Before taking the cover off, remove the distributor, inspect it, and then reinstall it setting the timing correctly.

Here are the directions. Try this and see if it takes care of the issues.

______________________________________

1993 Toyota Truck Pickup 2WD L4-144.4 2366cc 2.4L SOHC (22R-E)
Procedures
Vehicle Powertrain Management Ignition System Distributor Service and Repair Procedures
PROCEDURES
REMOVAL:

1. Disconnect negative battery terminal.
2. Disconnect primary distributor connector.
3. Remove distributor cap retaining screws, distributor cap and spark plug wires.
4. Remove hold down bolt and remove distributor.

INSTALLATION:

1. Install a new O-ring to the distributor housing and apply a light coat of engine oil prior to installation.

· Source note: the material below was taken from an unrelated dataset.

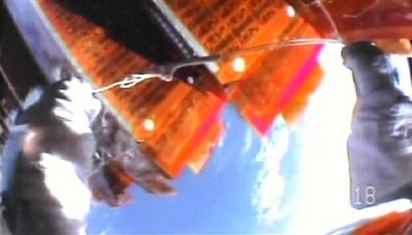 在6小時(shí)的工作中,美國宇航員帕拉辛斯基嘗試修補(bǔ)一塊在上月底在修展開時(shí)損毀的太陽能板的一道裂縫。據(jù)悉,此次修復(fù)工作是成功的,太陽能翼板將能全面張開,伸展到適當(dāng)位置。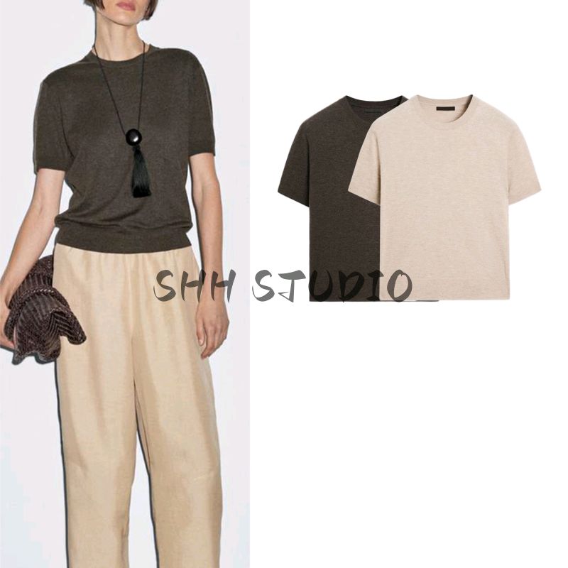 MD Spring/Summer New Arrival Women's Clothing Minimalist Casual Temperament Commute Basic Style round Neck Short Sleeve Knitwear 5664580

Distributor Installation Timing Marks

pic 1

2. Turn crankshaft pulley until the timing mark is aligned with 5° BTDC mark.
3. Ensure rockers on cylinder #1 are loose. If not, rotate crankshaft 1 full turn and re-align timing marks.

Distributor Rotor Alignment

pic 2

4. Install distributor rotor. Begin insertion of the distributor with rotor pointing upward and mounting hole centered with bolt hole.
5. Install distributor hold down bolt and tighten by hand. Remove rotor.

Crankshaft Position Sensor Showing Signal Rotor Alignment

pic 3

6. Align the signal rotor tooth with pickup coil projection.
7. Torque distributor hold down bolt.

Torque: 19 Nm (14 ft. Lb)

8. Install rotor and distributor cap with spark plug wires.
9. Reconnect primary distributor connector and negative battery terminal.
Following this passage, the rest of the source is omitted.